_ASSIGNMENT_
Word for word, copy the lines from the one with "Животные Евразии для детей" to the last line of the data below, counting both, and keep every picture out.

_INFORMATION SHOWN_

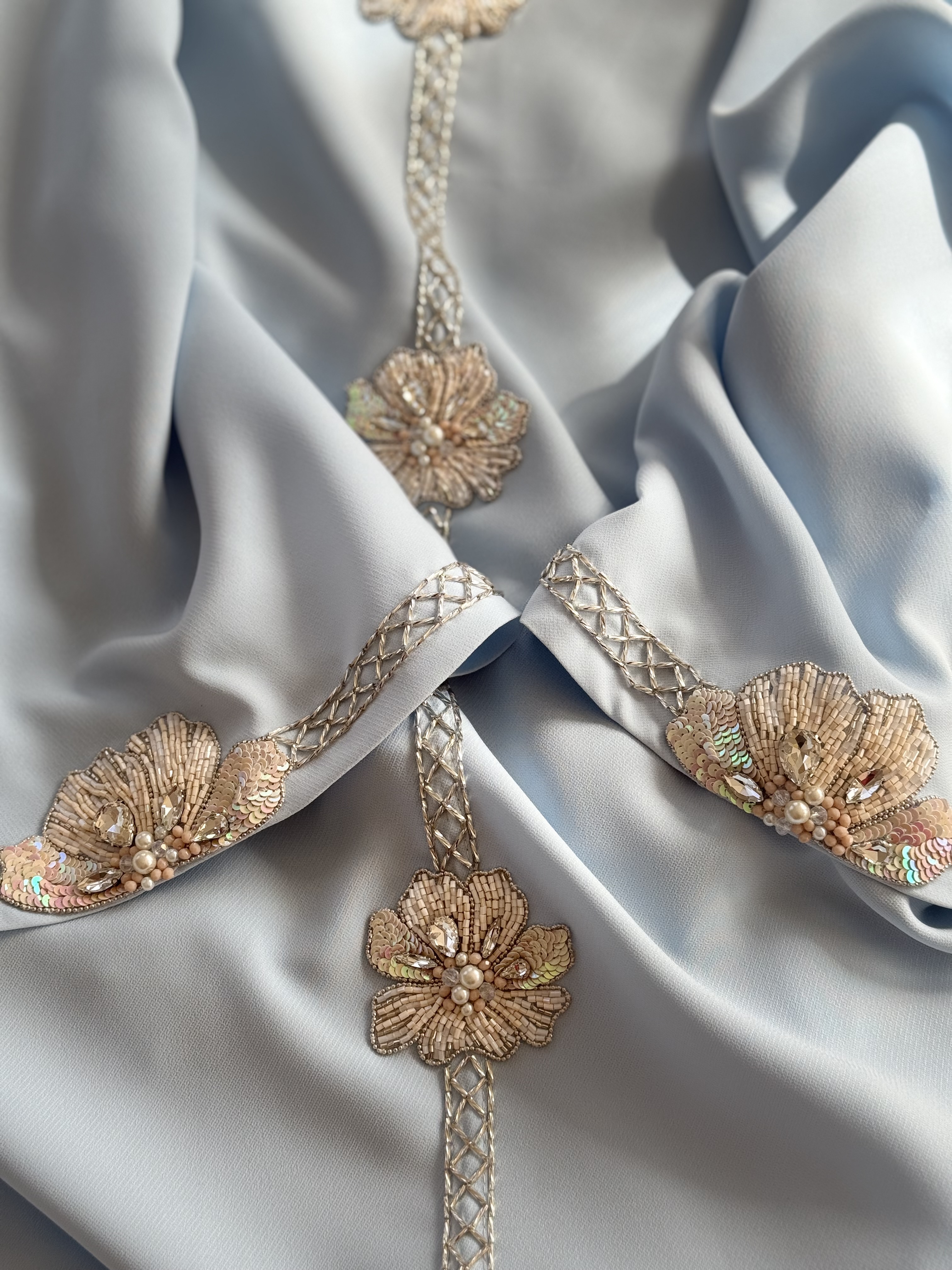 ابی اسمانی است و عکس های کمرنگ به خود عبا نزدیک است
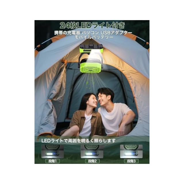 【20000mAh大容量・200時間持続するLEDライト】キャンプ 扇風機は20000mAhの超大容量リチウムイオンポリマー電池を内蔵しています。フル充電の場合、扇風機で最大60時間、LEDライトで最大100時間の航続が可能です。16個のLEDライトで周囲を明るく照らします。キャンプ 扇風機は暗闇の中ランタン代わりに使える3段階切り替えLEDを完備しています。シーンに合わせた明るさ設定が可能です。
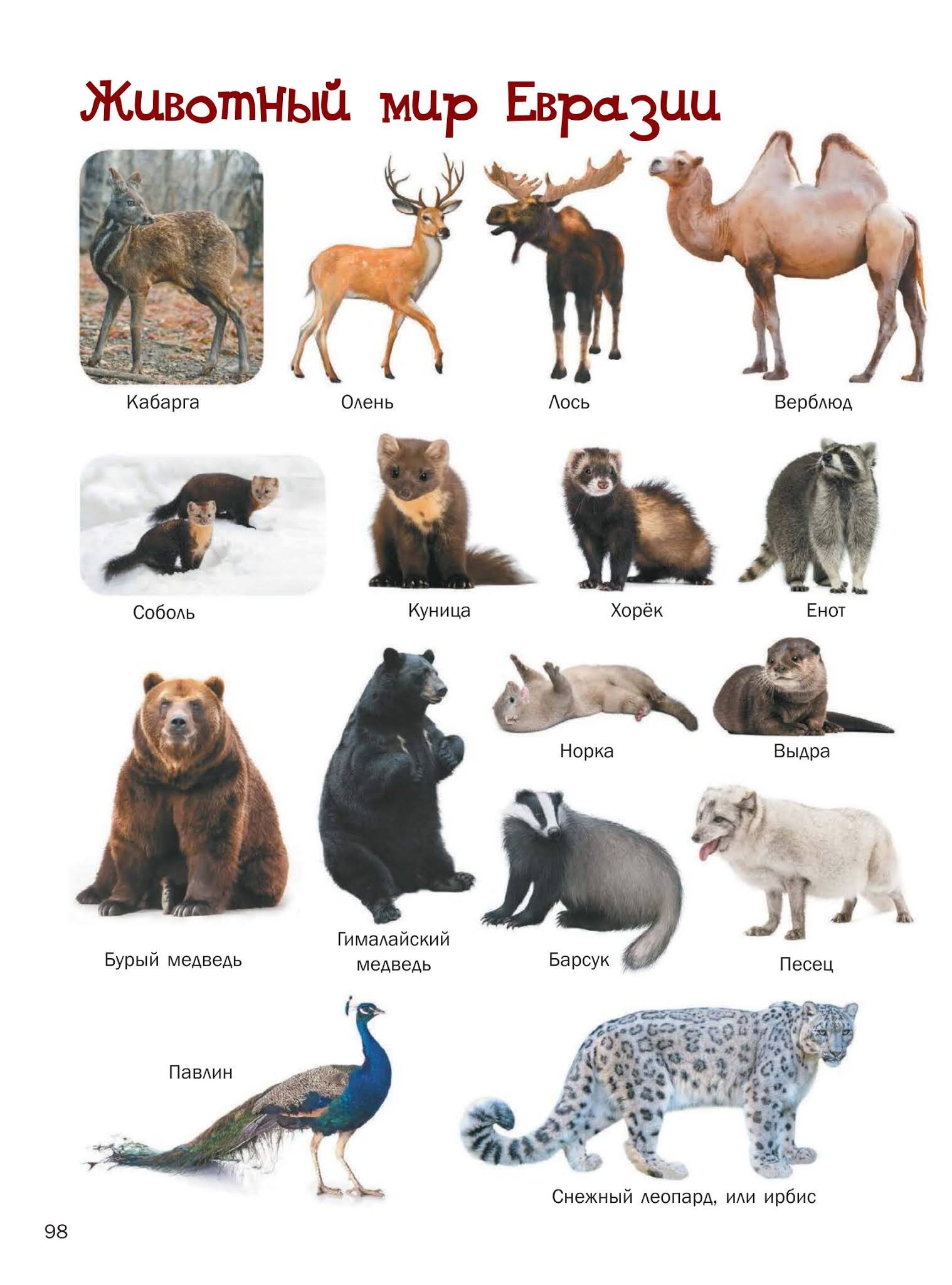 Животные Евразии для детей
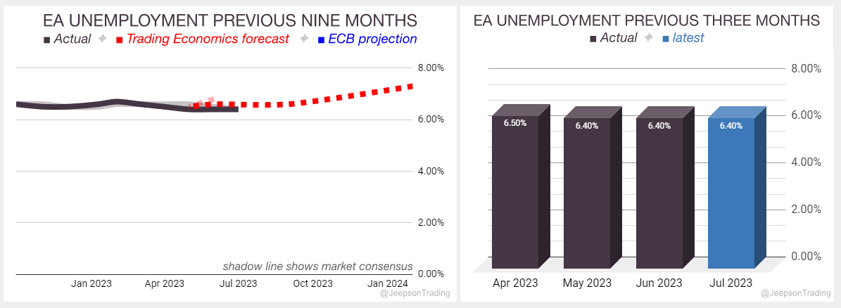 EA unemployment is projected to slightly deteriorate to 6.6% this quarter after coming in at 6.4% for July, matching expectations and suggests a cautiously optimistic outlook for the EA economy and may apply some upward support to the value of the euro.

_RESPONSE_
 Животные Евразии для детей
 EA unemployment is projected to slightly deteriorate to 6.6% this quarter after coming in at 6.4% for July, matching expectations and suggests a cautiously optimistic outlook for the EA economy and may apply some upward support to the value of the euro.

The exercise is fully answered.